Broom likely didn't cause damage described by doctor

Brain swelling from blows of "significant" force to the right side of the head ended the life of a 25-year-old Carson City man, but none of those blows likely came from the defendant's weapon, a forensic pathologist testified Tuesday.

Prosecuters say Sammy Resendiz was beaten with bats, chains and metal pipes by a group of people in the Round House Motel on North Carson Street on Aug., 24, 1998. He died later after his family removed him from life support, said Dr. Katherine Raven in the trial of Rocky Boice Jr., whose attorney said Boice struck Resendiz with a broom handle.

"I doubt a broom handle caused those injuries to the skull," Raven said.

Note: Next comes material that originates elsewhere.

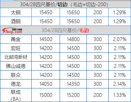从报价来看,市场多次调涨报价后,整体累计涨200-300元/吨。从成交来看,304不锈钢水管市场贸易商反馈出货尚可,如大板的一些较好规格于早上已被“抢走”,个别产地现货有缺,但市场贸易商反馈称,北部湾新材资源在下周有到货,今日订货能优价。看来,市场还是要在涨价的时候才有买卖的动力。另外,青山钢厂虽然未对304热轧启动新盘价,但是有消息称,钢厂允许代理以成本价14300元/吨补点大板现货!
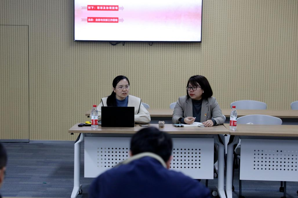 王长波介绍学校2023年度组织工作要点及学院党委的学期重点工作,他强调要以二十大精神学习为主线,积极做好校第十四次党代会的准备工作,不断促进卓越育人和学科高质量发展,支部工作要找亮点有特色,以党建引领促进中心工作发展。他对支部书记和委员提出了三点要求,一是要加强学习提升站位,二是要不断创新工作方法、改变工作思路,三是要团结协作,密切配合。

"There was a massive hemorrhage inside the scalp on the right side. He had massive fractures to the right side of the skull -- large complex fractures -- that extended to the base of his skull," said Raven, who performed the autopsy on Resendiz. "It's like a balloon. When you blow up a balloon too much it bursts, but the skull can't burst and it forces the brain into the spine. That's what kills people."

Boice, 23, one of 10 defendants charged in the death of Resendiz, is accused of first-degree murder, burglary, battery with the use of a deadly weapon and conspiracy to commit battery. If convicted he faces life in prison.

Raven agreed with defense attorneys that any of the injuries could be consistent with an aluminum baseball bat.

Boice attorney Lawrence Lichter asked Raven if someone facing Resendiz would have to be left-handed to cause injury to the right side of his face with a baseball bat.

Raven said the person holding the bat could either be left handed, swinging the bat in their right hand with a tennis backhand, or Resendiz could have been lying on the bed.

"You can't get much force with a backhand though," Lichter said.

"Ask a tennis player," Raven said. "They'll tell you a backhand is pretty powerful."

The only marks on the left side of Resendiz's body were some minor bruising and a deeply bruised left hand, which Raven said was consistent with defensive wounds.

In addition to the skull fractures, a small bone in Resendiz's throat was fractured. The tip of his thumb was broken and his right forearm was so shattered that it would bend in the middle.

District Attorney Noel Waters contends Resendiz was asleep in the room when Boice and the others came in and started beating him.

"Could he have been lying on the bed with his arms up?" Waters asked Raven.

"Yes. If the right side of his head was exposed," she said.

Also Tuesday, a woman who lived behind the motel testified she heard a group of people she assumed were Native American by the way they walked, rallying to "go get them."

Boice said he and the others had gone to the motel to defend the honor of his cousin, Jessica Evans, who told them a gang member had beaten her earlier in the evening.

Waters claimed the group went there armed with clubs with the intention of harming someone in the room. But it was "a case of misplaced vengeance," he said, because Resendiz had not been involved in the earlier incident.

Testimony in the case resumes today.